Now, I was taught a “new maths” curriculum up to the age of 16 and I wonder if it really was such a disaster. The one thing I can say is that it didn’t capture the beauty of maths in the way that the ‘A’ level (16 – 18) curriculum came close to doing. At times I really wondered what was it all about – at the age of 15 matrix maths seems excessively abstract.

But many years later I can see what all that was about and do think that my new maths education has given me quite a strong grounding in a lot of the fundamentals of computing and the applied maths that involves.

To the extent that this blog does have an audience I know that it is read by those with an interest in maths and computing and I would really welcome views on the strengths and weaknesses of the new maths approach.

## A better demonstration of the product rule

Inspired by The Theoretical Minimum: What You Need to Know to Start Doing Physics: here’s a better proof/justification for the product rule in differential calculus than the one I set out here last month.

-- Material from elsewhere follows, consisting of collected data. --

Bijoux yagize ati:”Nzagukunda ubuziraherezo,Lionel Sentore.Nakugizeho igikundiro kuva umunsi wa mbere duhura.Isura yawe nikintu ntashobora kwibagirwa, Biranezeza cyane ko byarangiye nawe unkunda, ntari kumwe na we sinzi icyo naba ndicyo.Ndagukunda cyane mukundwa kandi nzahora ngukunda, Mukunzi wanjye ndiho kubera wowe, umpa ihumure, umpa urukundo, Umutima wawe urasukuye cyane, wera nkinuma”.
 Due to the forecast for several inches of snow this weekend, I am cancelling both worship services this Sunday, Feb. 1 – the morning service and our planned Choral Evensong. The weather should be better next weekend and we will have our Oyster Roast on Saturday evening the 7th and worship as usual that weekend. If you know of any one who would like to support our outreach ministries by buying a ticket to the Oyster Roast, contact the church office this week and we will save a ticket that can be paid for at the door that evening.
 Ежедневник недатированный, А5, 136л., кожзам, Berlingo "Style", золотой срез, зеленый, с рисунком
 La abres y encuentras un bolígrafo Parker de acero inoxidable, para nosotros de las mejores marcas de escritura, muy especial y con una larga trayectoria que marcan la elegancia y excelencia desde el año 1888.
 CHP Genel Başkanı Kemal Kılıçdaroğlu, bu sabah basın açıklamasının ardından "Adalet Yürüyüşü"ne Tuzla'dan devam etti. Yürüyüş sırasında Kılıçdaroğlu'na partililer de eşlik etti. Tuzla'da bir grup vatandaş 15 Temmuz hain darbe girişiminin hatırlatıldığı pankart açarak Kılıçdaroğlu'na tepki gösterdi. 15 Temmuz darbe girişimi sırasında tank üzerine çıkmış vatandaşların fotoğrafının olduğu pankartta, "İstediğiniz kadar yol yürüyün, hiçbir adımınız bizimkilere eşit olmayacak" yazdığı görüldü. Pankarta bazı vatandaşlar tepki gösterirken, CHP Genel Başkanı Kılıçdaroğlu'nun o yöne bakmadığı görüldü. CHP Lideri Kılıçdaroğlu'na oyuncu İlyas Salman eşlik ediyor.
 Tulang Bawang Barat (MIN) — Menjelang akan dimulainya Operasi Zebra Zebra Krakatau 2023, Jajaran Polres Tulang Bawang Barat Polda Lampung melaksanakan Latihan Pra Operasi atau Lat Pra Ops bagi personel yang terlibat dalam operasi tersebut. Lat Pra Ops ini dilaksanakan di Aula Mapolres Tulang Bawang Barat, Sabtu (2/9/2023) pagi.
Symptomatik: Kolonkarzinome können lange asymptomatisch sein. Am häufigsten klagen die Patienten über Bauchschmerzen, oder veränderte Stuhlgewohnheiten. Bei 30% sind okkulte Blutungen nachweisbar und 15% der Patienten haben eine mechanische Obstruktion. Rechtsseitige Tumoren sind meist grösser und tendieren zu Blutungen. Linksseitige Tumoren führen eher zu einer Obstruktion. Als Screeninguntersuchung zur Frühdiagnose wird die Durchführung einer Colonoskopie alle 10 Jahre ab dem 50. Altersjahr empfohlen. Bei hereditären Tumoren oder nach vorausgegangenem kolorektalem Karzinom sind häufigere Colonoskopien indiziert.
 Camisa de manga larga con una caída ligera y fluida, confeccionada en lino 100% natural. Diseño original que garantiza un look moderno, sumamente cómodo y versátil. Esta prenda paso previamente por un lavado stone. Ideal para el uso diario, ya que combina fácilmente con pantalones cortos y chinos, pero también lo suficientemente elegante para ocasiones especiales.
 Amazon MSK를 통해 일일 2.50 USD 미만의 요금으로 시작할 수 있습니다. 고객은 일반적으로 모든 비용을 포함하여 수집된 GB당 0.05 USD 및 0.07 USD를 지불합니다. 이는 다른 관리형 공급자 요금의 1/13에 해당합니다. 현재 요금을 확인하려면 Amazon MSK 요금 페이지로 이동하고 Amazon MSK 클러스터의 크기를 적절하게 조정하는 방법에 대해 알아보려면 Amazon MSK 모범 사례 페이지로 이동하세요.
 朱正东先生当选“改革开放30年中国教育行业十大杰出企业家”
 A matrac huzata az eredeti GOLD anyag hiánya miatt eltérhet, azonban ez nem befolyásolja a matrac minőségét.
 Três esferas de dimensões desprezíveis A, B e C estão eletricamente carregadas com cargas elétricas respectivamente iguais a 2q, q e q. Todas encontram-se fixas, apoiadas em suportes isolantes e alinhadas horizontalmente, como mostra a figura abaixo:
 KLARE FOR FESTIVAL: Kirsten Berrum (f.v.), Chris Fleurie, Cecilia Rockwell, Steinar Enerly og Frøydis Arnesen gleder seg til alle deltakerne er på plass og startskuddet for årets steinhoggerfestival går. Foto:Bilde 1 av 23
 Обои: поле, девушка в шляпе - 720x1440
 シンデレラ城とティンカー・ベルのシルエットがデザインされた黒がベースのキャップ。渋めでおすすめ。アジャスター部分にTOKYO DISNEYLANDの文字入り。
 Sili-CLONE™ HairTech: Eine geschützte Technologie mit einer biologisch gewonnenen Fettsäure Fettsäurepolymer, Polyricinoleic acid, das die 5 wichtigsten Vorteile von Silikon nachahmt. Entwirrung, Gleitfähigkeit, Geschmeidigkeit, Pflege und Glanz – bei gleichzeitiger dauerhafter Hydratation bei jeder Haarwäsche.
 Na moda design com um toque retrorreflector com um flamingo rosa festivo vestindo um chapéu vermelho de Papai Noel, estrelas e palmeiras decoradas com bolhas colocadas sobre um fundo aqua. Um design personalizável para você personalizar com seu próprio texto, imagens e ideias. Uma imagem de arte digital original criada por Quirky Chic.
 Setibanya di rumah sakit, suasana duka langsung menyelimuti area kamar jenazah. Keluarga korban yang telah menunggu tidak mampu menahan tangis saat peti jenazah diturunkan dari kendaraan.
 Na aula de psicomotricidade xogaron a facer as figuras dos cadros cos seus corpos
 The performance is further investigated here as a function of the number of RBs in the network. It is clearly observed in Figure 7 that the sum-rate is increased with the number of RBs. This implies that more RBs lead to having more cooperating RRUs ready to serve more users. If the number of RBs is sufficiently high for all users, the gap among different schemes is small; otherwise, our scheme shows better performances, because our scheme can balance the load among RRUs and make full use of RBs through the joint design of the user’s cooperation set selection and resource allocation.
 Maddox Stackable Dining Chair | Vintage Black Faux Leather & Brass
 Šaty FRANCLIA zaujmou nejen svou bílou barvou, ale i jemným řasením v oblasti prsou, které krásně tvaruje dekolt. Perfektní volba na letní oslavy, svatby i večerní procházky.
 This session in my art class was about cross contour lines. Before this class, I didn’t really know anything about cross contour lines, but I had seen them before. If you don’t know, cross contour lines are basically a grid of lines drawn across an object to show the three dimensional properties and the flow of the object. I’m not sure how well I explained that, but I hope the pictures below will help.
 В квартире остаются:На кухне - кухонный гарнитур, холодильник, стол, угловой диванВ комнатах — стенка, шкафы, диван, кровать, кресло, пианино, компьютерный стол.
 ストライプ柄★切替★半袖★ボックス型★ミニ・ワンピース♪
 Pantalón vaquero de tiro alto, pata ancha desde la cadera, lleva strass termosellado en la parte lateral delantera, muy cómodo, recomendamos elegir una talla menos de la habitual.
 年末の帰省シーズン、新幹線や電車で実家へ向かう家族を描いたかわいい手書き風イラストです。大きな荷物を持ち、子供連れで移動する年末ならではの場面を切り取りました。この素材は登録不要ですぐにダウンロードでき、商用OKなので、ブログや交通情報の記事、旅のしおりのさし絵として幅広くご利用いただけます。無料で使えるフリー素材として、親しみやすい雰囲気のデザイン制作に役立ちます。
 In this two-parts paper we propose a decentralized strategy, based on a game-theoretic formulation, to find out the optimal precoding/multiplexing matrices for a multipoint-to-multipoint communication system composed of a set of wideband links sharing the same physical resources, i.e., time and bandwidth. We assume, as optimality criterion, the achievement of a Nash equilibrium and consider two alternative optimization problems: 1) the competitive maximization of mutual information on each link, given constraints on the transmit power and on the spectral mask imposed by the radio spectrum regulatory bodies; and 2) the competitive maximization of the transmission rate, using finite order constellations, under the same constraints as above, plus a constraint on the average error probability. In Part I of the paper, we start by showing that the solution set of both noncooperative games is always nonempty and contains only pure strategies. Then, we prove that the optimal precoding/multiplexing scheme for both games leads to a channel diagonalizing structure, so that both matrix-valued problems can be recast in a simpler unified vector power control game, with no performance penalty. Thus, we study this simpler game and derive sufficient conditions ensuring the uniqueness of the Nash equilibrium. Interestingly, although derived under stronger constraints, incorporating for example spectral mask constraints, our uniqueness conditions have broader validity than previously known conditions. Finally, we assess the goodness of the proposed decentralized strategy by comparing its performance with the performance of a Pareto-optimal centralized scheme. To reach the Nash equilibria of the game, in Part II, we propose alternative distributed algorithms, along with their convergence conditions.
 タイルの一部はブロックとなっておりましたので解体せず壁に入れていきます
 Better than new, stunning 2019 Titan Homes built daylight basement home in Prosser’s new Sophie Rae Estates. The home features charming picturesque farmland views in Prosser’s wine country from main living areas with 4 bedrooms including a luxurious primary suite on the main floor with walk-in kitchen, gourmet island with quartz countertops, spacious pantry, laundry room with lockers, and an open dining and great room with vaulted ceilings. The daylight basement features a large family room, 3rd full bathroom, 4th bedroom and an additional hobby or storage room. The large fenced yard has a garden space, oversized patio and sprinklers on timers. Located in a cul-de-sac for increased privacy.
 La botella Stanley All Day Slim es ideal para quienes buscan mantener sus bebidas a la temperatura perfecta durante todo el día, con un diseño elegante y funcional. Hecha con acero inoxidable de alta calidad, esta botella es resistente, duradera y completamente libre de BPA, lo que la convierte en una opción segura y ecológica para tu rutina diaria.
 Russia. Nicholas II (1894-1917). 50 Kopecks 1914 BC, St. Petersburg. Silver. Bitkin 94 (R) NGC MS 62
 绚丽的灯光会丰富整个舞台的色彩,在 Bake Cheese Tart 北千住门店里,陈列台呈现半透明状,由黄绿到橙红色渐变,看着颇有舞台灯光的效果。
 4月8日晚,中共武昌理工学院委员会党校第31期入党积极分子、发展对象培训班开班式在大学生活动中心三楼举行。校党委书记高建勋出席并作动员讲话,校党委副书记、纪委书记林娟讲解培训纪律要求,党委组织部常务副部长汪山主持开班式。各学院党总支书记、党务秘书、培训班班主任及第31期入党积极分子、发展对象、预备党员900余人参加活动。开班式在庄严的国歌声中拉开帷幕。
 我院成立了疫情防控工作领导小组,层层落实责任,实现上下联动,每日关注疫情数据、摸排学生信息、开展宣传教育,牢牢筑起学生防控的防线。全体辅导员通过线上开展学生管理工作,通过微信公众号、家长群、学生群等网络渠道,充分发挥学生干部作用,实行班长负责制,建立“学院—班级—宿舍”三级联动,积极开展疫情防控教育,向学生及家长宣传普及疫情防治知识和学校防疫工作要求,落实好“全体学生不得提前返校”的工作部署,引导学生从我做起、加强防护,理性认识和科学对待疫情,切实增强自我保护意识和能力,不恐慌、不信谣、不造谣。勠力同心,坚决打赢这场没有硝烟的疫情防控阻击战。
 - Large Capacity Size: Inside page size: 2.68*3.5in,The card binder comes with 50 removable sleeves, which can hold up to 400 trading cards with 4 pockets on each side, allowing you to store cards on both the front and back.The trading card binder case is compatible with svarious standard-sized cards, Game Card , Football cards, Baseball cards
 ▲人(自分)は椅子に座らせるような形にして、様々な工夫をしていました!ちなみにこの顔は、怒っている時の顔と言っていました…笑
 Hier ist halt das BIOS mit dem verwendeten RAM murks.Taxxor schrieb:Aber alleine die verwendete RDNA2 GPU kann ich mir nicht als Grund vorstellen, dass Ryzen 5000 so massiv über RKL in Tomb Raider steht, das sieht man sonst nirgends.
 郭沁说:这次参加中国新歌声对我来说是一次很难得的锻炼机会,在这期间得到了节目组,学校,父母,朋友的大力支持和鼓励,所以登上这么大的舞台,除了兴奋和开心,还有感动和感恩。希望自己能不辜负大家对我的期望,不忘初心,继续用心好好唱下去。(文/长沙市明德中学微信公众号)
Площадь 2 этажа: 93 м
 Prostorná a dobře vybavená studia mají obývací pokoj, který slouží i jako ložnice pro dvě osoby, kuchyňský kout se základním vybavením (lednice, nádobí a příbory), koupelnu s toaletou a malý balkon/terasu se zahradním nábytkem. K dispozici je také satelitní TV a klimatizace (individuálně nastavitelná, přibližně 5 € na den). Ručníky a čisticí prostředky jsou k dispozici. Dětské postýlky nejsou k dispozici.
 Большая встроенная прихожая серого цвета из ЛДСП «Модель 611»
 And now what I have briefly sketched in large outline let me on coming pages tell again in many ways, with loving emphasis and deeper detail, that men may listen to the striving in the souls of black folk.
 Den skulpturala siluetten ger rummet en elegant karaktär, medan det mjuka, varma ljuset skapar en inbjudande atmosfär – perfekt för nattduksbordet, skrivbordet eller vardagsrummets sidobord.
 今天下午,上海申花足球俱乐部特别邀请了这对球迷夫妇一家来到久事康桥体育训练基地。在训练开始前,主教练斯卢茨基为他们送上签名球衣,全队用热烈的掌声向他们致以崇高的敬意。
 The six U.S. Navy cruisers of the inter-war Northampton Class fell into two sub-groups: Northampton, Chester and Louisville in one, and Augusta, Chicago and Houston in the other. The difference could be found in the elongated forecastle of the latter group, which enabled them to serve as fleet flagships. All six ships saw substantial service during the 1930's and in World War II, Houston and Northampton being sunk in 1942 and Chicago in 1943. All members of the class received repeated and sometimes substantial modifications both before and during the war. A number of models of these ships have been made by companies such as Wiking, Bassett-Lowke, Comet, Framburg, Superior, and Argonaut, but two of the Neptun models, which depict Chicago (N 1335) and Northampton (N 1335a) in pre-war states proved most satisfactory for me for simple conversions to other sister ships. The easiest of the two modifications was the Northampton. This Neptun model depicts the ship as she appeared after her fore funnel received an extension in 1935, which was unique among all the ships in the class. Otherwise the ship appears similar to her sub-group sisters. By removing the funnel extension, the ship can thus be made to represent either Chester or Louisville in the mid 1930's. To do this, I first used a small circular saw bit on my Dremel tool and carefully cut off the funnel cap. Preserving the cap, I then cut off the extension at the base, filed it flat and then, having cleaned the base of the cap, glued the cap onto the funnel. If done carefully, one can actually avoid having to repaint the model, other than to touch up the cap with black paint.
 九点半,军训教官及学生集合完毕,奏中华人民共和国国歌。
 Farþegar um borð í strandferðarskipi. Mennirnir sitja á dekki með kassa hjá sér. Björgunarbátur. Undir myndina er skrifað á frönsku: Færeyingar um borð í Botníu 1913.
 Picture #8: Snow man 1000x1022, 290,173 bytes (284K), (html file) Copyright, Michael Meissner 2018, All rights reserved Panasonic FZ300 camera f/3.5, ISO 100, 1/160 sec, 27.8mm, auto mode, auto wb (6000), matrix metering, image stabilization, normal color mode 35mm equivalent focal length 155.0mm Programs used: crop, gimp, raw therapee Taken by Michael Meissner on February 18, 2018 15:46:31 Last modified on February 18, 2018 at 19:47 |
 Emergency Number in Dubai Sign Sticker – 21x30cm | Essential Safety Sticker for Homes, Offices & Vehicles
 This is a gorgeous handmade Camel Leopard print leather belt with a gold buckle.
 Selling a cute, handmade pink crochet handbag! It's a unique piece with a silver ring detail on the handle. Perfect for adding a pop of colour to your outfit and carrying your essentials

We will start with what we will treat as an axiomatic definition of the differential of the function $y=f(x)$:

$\frac{dy}{dx} = \frac{df(x)}{dx} = \frac{f(x+\Delta x) - f(x)}{\Delta x}$ as $\Delta x \rightarrow 0$

In this case we have $y=f(x)g(x)$, so $\frac{dy}{dx} = \frac{f(x + \Delta x)g(x +\Delta x) - f(x)g(x)}{\Delta x}$

From our definition we can substitute for $f(x+\Delta x)$ and $g(x + \Delta x)$ and simplifying our notation for presentational reasons so that $\frac{df(x)}{dx} = f^{\prime}$ etc:

$f(x+\Delta x) = f^{\prime}\Delta x + f(x)$

$g(x+\Delta x) = g^{\prime}\Delta x + g(x)$

Giving (after dividing through by $\Delta x$):

$y^{\prime} =f^{\prime}g^{\prime}\Delta x + g(x)f^{\prime} + \frac{f(x)g(x)}{\Delta x} + g^{\prime}f(x) - \frac{f(x)g(x)}{\Delta x}$

$=f^{\prime}g^{\prime}\Delta x + g(x)f^{\prime} +g^{\prime}f(x)$

As $\Delta x \rightarrow 0$ the first term falls to zero and so we are left with:

$y^{\prime}=f^{\prime}g(x) + g^{\prime}f(x)$

Which, of course, is the product rule.

Update: See this most excellent comment from Professor Rubin.

## Product rule

And here’s a quick recap of a demonstration of the product rule (after Leibniz):

$\frac{d}{dx}(u(x)v(x)) = (u(x) + \frac{du}{dx})(v(x) + \frac{dv}{dx}) - u(x)x(x)$

$= u(x)v(x) - u(x)v(x) + u(x)\frac{dv}{dx} + v(x)\frac{du}{dx}$

Which is, of course, the product rule.